The complete list of supported gate keywords, language features, and modifiers is defined in the parser at [`src/circuit/openqasm.rs`](src/circuit/openqasm.rs) (see `resolve_gate()` and `resolve_decomposed_gate()`). Smoke tests in [`tests/smoke_openqasm.rs`](tests/smoke_openqasm.rs) exercise each feature end-to-end.
## Build & test
```bash
cargo build --release
cargo test --all-features
cargo clippy --all-targets --all-features -- -D warnings
cargo fmt --check
cargo doc --no-deps --all-features
```
## Parallelism
Rayon threading kicks in at 14+ qubits:
```bash
cargo build --release --features parallel
```
Defaults to logical core count.

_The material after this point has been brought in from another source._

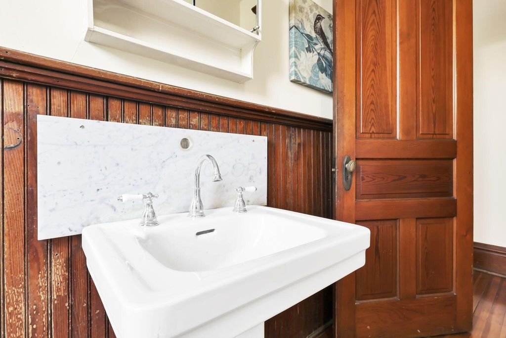 This gorgeous 3 story, 3477 square foot, 121 year-old brick beauty on a huge lot needs only you to make it complete. There is so much space here that you might not see your cat for a week. There is so much historic charm and character here, you may change jobs to insure you work from home. The splendid living room does a lot of the heavy lifting when it comes to living - but which first floor room will you make your living room? Which will be the library? Which will be your parlor? Your office? Do you need all four of these big bedrooms? Maybe one will be your office, craft room, media room, game room. Maybe you'll make one into the luxurious master bathroom you've always dreamed of. And that third floor - Oh My, it's gigantic and could be your family's family room, rec room, dance hall. Can you find the secret 2nd stairway? They don't make them like this anymore. Built in 1904 by John Hina and his construction company, this house is solid, solid, solid. You get maintenance free brick with a continually updated slate roof and stone foundation. You'll love everything about this home, from the intricate and stunning original fireplace mantels/surrounds to the gleaming original oak floors, to the huge wraparound lemonade front porch. This home has it all. Why do you get so much move-in ready house for so little money? Well, you're gonna want to make some updates - we've priced that in. You can't build this kind of architecture and details in the living spaces in 2025 but you can make some modern updates. You're going to want your own modern kitchen, maybe update the baths, throw in some new windows, maybe build a garage in your spacious backyard. Better you do it the way you want it then some flipper. One thing you won't have to worry about is the heat - a new boiler was installed just four years ago. Come take a look at this beautiful home, you'll fall in love with the house, the location, the block and the Old Oaks community. Sells AS-IS.
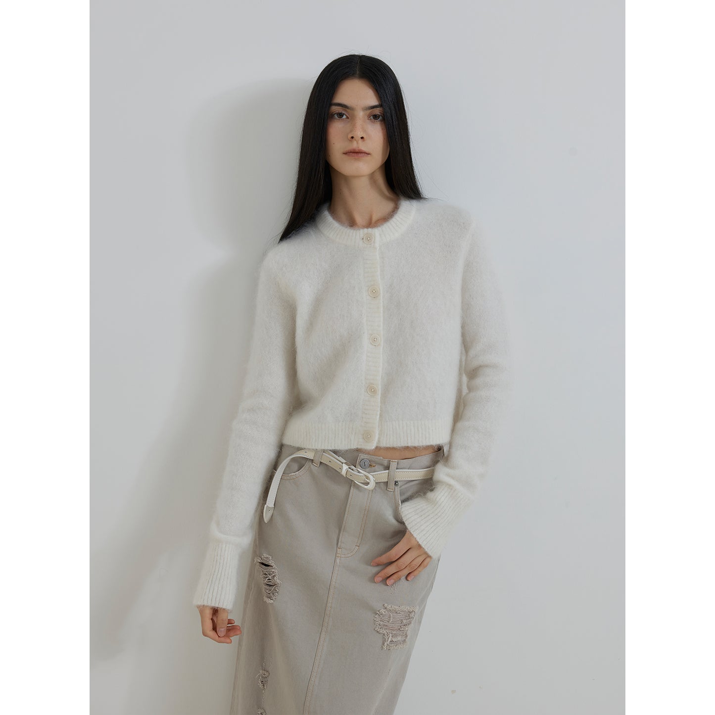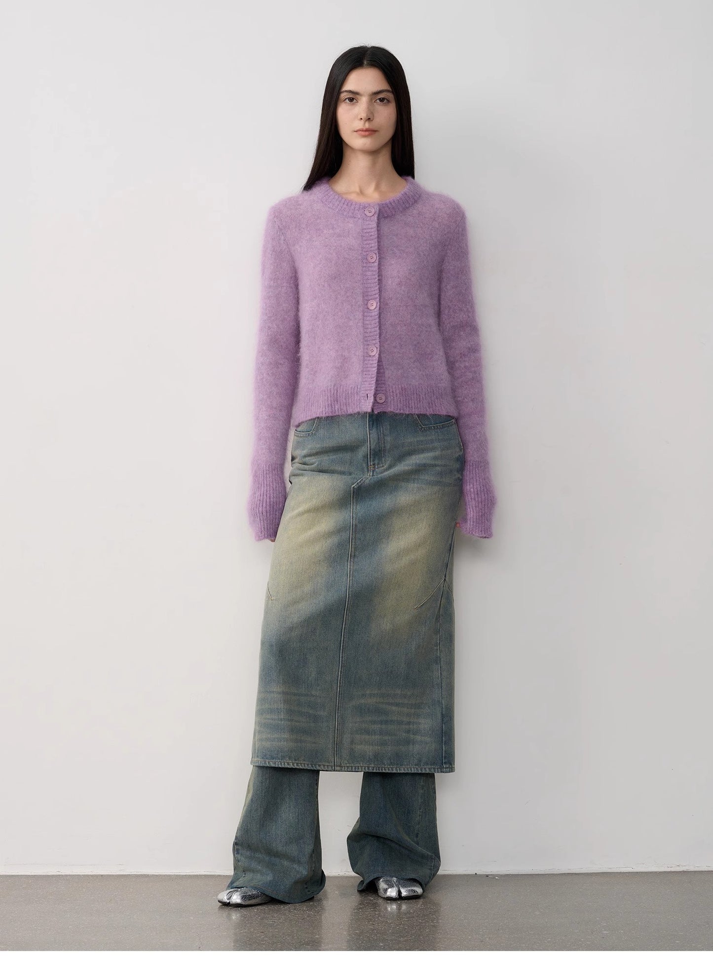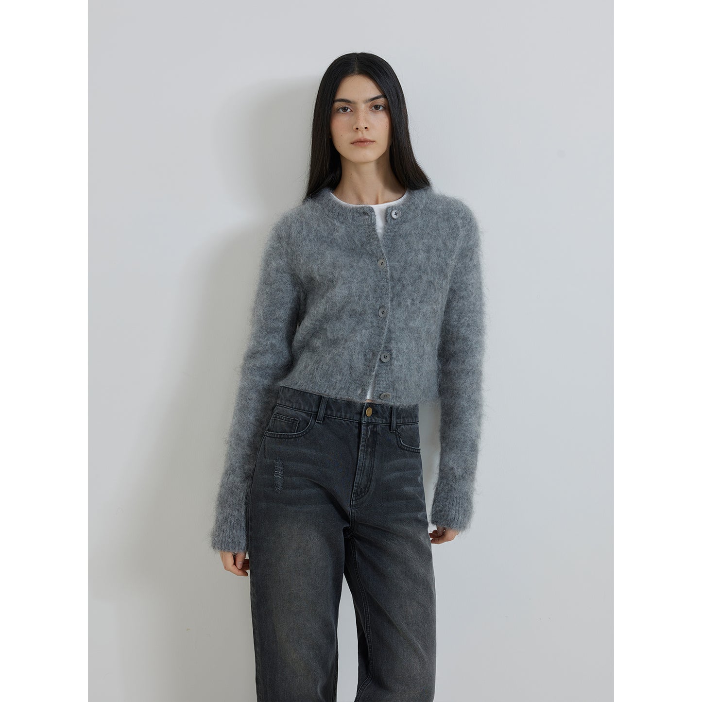 "Relaxation Notes" High-Proportion Mohair Knit Cardigan Women's Loose Short Round Neck Sweater Jacket

Set `RAYON_NUM_THREADS` to override.
## Coverage
Requires `rustup component add llvm-tools-preview` and `cargo install cargo-llvm-cov`.
```bash
cargo llvm-cov --all-features # terminal summary
cargo llvm-cov --all-features --html --open # browseable HTML report
```
CI generates coverage on every push/PR and updates the badge automatically.
## Benchmarks
```bash
# full suite
cargo bench --bench circuits --features parallel
# gate-level microbenchmarks
cargo bench --bench bench_driver --features parallel
# quick smoke test (fewer iterations)
cargo bench --features "parallel,bench-fast"
```
### Regression checks
```bash
# save baseline
cargo bench --features parallel
./scripts/bench_check.sh save --name "before" # unix
.\scripts\bench_check.ps1 save -Name "before" # windows
# make changes, bench again
cargo bench --features parallel
# compare (exits 1 on regression)
./scripts/bench_check.sh compare --baseline "before"
.\scripts\bench_check.ps1 compare -Baseline "before"
# markdown table for PRs
./scripts/bench_check.sh table --baseline "before"
.\scripts\bench_check.ps1 table -Baseline "before"
```
## Profiling
Needs `cargo install flamegraph`:
```bash
./scripts/flamegraph.sh "qft_textbook/16" # unix
.\scripts\flamegraph.ps1 "qft_textbook/16" # windows
```
SVGs go to `bench_results/` (gitignored).
## Roadmap
- **Expanded OpenQASM 3.0** — `reset` instruction, `for` loop unrolling, `def` subroutines
- **Expectation values** — `<psi|O|psi>` for Pauli strings (VQE/QAOA support)
- **Density matrix backend** — mixed-state simulation for noise and decoherence modeling
- **GPU acceleration** — CUDA/Vulkan compute backend for large qubit counts
## Architecture
See [docs/architecture.md](docs/architecture.md) for the full picture — layered design, backend trait contract, SIMD strategy, and how to add a new backend.